━━━━━ Given data ━━━━━

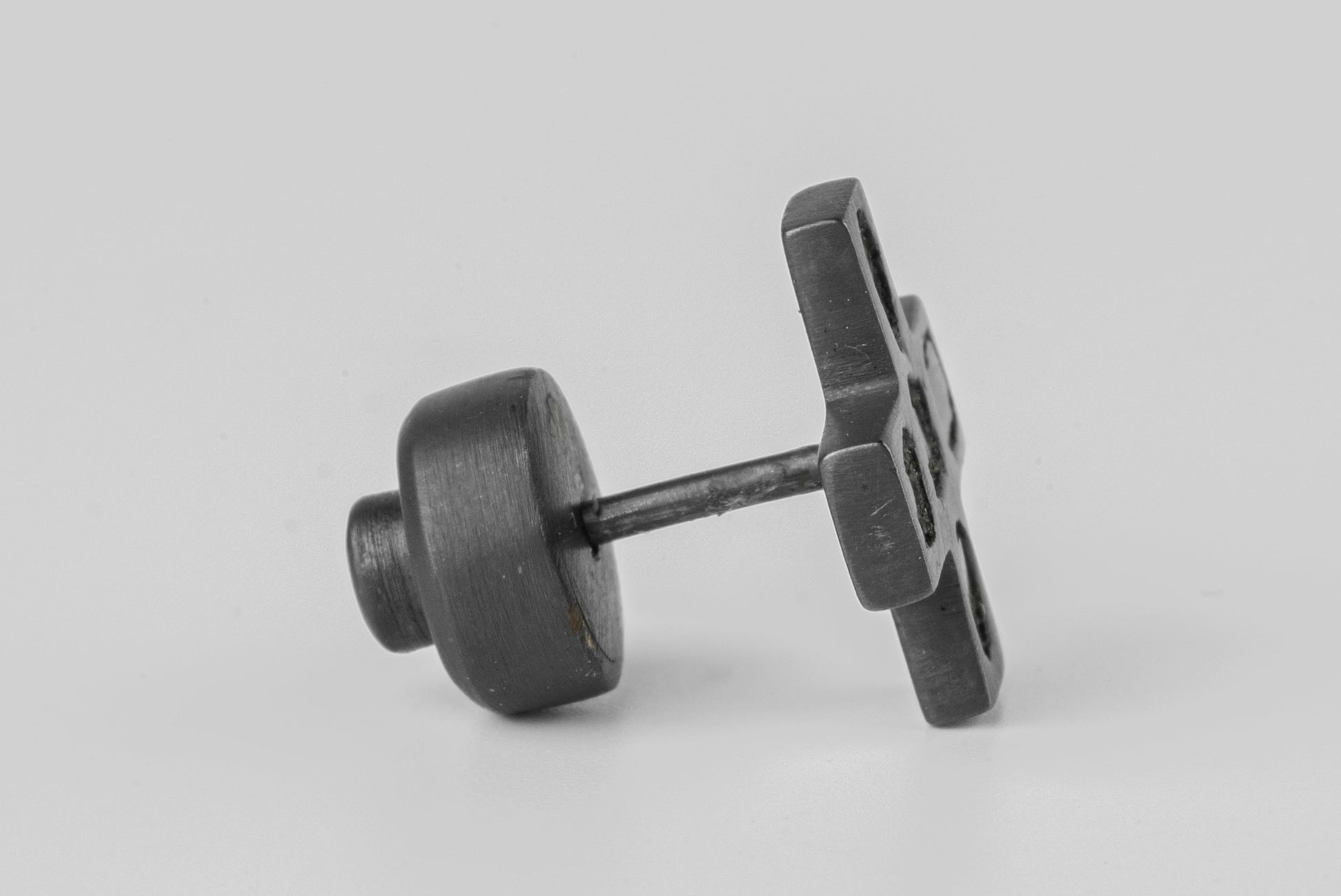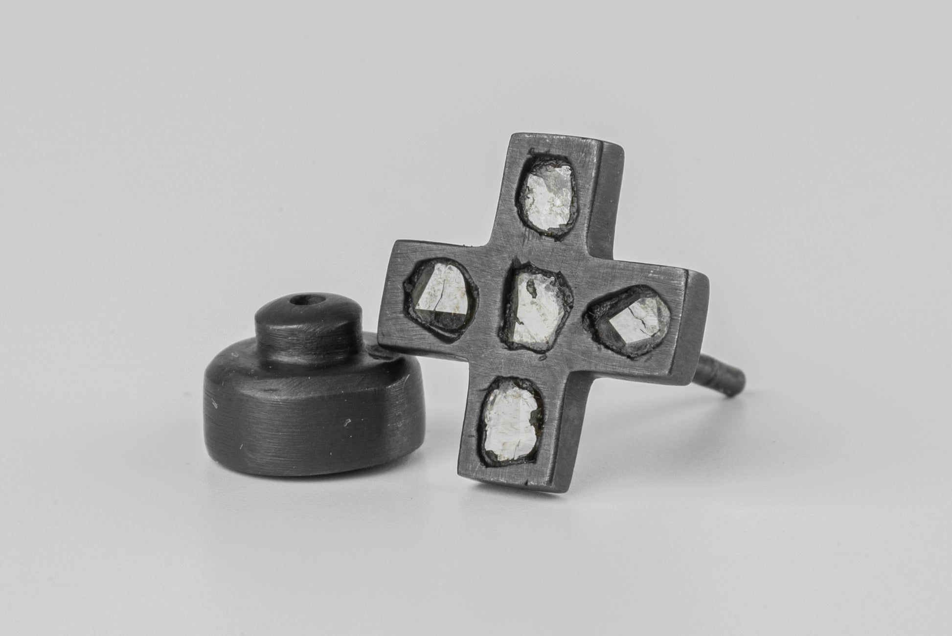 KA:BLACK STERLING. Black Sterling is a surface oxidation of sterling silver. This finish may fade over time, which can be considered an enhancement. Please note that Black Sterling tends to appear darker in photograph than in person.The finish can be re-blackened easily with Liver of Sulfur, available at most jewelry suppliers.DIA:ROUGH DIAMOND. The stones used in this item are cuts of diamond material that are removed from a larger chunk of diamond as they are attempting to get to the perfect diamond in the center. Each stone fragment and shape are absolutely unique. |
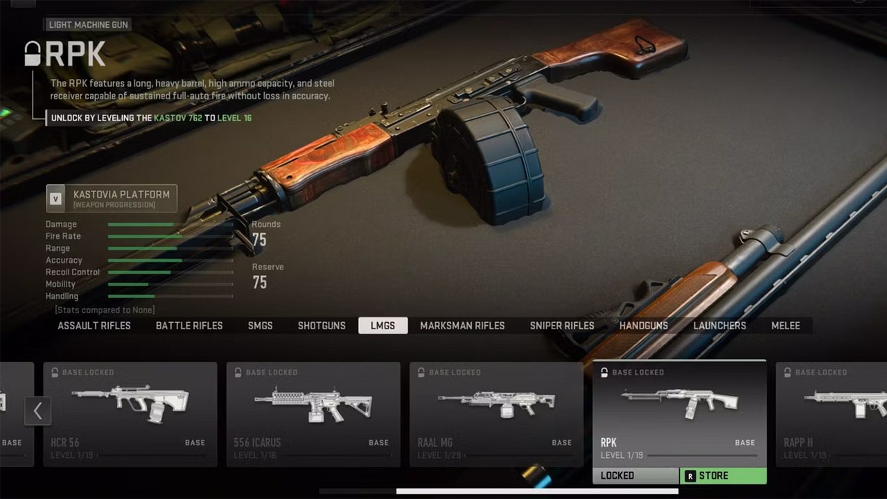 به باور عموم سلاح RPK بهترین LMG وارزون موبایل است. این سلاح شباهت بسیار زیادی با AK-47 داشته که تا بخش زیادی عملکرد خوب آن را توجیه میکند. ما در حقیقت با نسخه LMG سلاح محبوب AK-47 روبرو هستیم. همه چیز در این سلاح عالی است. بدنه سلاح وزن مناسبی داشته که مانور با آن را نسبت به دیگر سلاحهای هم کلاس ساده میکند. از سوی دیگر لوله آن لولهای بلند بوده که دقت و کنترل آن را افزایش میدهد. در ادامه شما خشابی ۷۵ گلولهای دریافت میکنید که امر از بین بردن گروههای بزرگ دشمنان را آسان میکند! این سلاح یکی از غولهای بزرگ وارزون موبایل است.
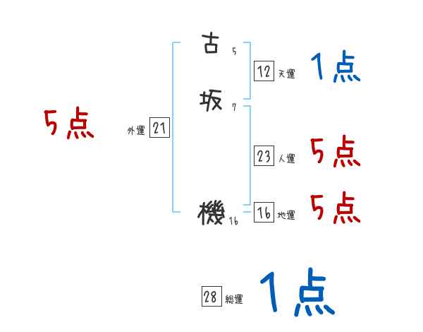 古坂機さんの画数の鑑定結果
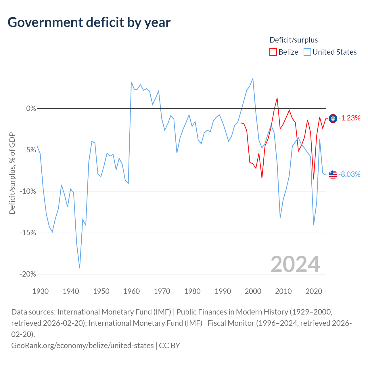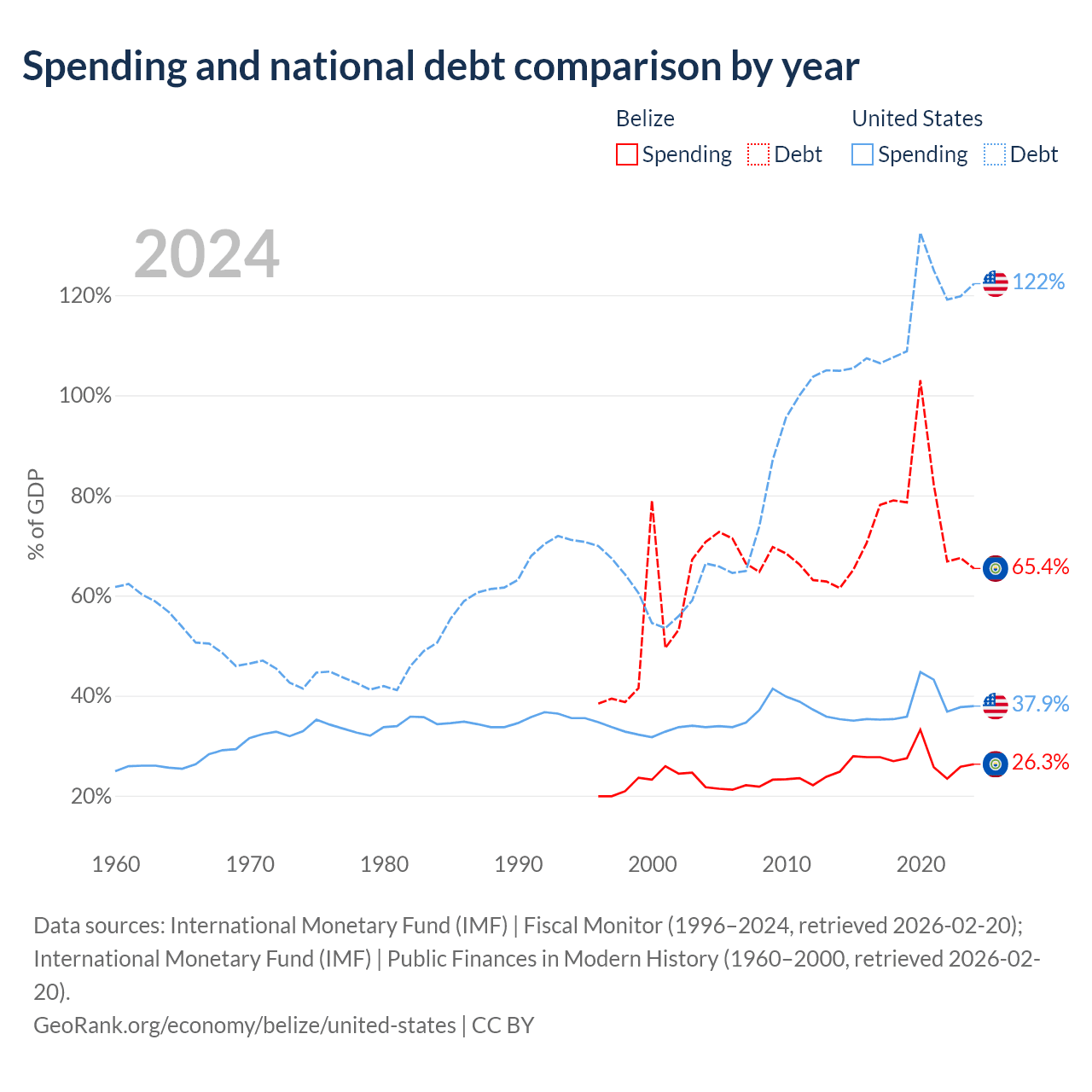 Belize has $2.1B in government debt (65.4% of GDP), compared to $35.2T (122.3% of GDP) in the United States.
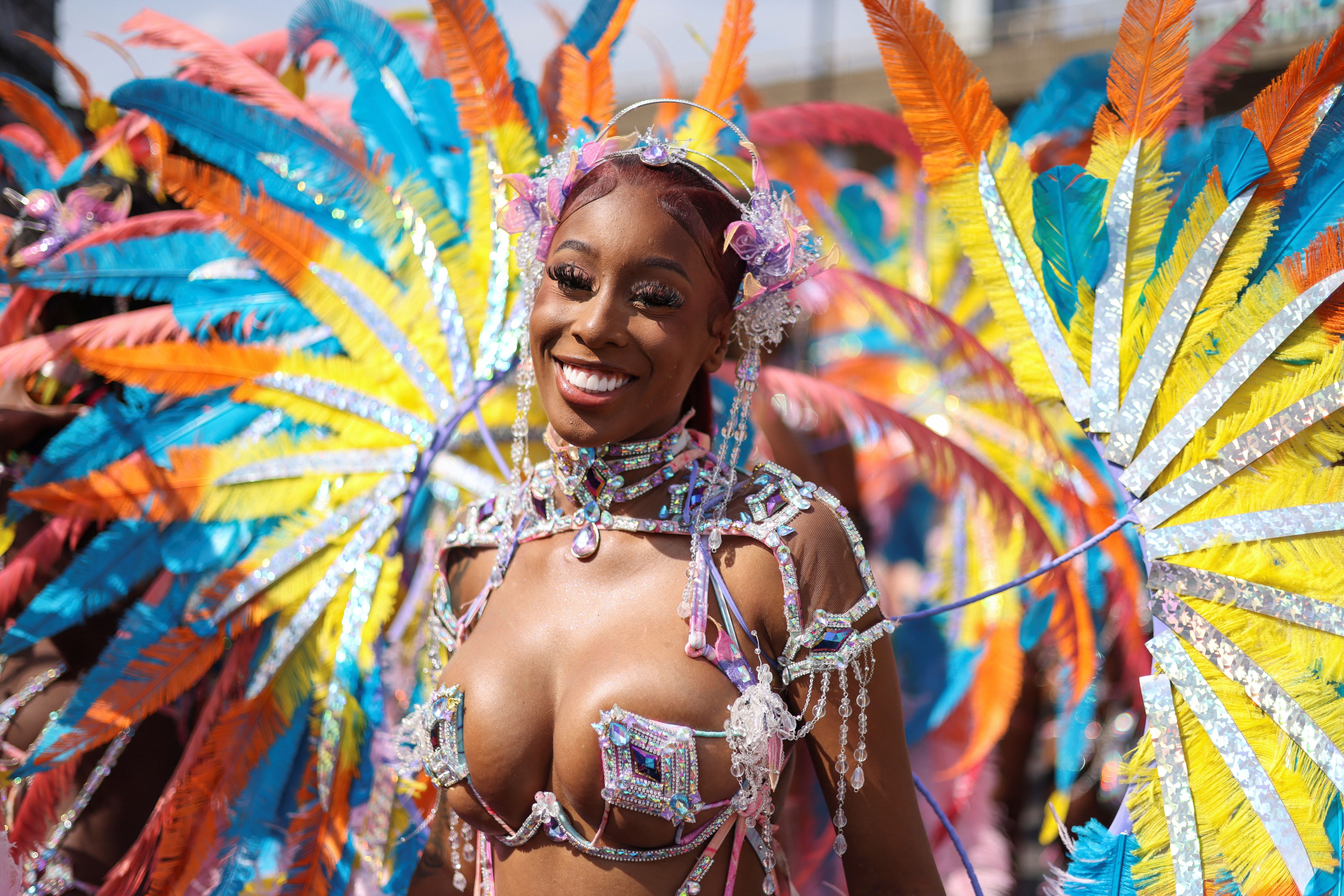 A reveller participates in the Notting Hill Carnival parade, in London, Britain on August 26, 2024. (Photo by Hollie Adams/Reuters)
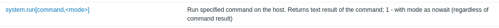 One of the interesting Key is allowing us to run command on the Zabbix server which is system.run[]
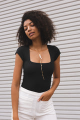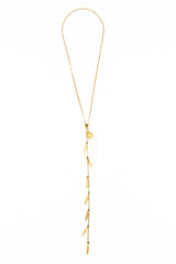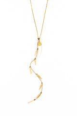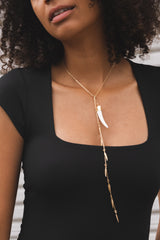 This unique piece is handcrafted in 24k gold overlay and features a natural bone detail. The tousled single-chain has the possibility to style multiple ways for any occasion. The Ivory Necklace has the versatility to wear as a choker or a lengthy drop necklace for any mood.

━━━━━

Exercise objective
Exactly the lines from the one containing "古坂機さんの画数の鑑定結果" to the end of the records above, both end lines included, are to be printed, and no pictures with them.

Solved problem
 古坂機さんの画数の鑑定結果
 Belize has $2.1B in government debt (65.4% of GDP), compared to $35.2T (122.3% of GDP) in the United States.
 A reveller participates in the Notting Hill Carnival parade, in London, Britain on August 26, 2024. (Photo by Hollie Adams/Reuters)
 One of the interesting Key is allowing us to run command on the Zabbix server which is system.run[]
 This unique piece is handcrafted in 24k gold overlay and features a natural bone detail. The tousled single-chain has the possibility to style multiple ways for any occasion. The Ivory Necklace has the versatility to wear as a choker or a lengthy drop necklace for any mood.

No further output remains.